J Minim Invasive Spine Surg Tech > Volume 10(Suppl 1); 2025 > Article

Hsu and Lee: Extramedullary Spinal Tumor Excision With the Unilateral Biportal Endoscopic Spine Surgery Technique

Technical Note

Journal of Minimally Invasive Spine Surgery and Technique 2025; 10(Suppl 1): S89-S97.

Published online: January 31, 2025

DOI: https://doi.org/10.21182/jmisst.2024.01606

Extramedullary Spinal Tumor Excision With the Unilateral Biportal Endoscopic Spine Surgery Technique

Shao-Keh Hsu¹, Lunghsing Lee²

¹Department of Orthopedics, Taoyuan Armed Forces General Hospital (TYAFGH), Taoyuan City, Taiwan

²Department of Orthopedics, Taichung Metro Harbor Hospital, Taichung City, Taiwan

Corresponding Author: Lunghsing Lee Taoyuan Armed Forces General Hospital (TYAFGH), Taoyuan City 325208, Taiwan Email: Leelongyama@gmail.com

Received July 11, 2024 Revised August 10, 2024 Accepted August 26, 2024

This is an open-access article distributed under the terms of the Creative Commons Attribution Non-Commercial License (https://creativecommons.org/licenses/by-nc/4.0) which permits unrestricted non-commercial use, distribution, and reproduction in any medium, provided the original work is properly cited.

Abstract

Minimally invasive surgery is being increasingly used in numerous surgical procedures, and the management of intraspinal lesions is no exception. For spinal lesions, extensive muscle splitting and bony destruction induce fibrotic pain and spinal instability, increasing the possibility of unnecessary spinal fusion and fixation. The unilateral biportal endoscopic spine surgery technique (UBESST) is increasingly popular in minimally invasive spine surgery because it has wider indications for spine diseases and a freer view independent of surgical instruments. Herein, we introduce an alternative option where UBESST is used to manage extramedullary spinal lesions and avoid complications.

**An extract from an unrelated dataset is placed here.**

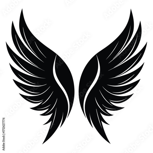© Hasi, Fototapeta premium Elegant Black Wings Illustration on White Background for Design Elements

Key Words: Minimally invasive surgery, Biportal endoscopic spine surgery technique, Extramedullary spinal lesions

INTRODUCTION

Minimal invasive surgery is the future trend because patients can benefit from less hospital stay, less postoperative pain, minimal blood loss, and shorter recovery period. Surgical robotics, image guidance, and resolution upgrades have improved surgery, making it easier for surgeons to perform minimally invasive procedures.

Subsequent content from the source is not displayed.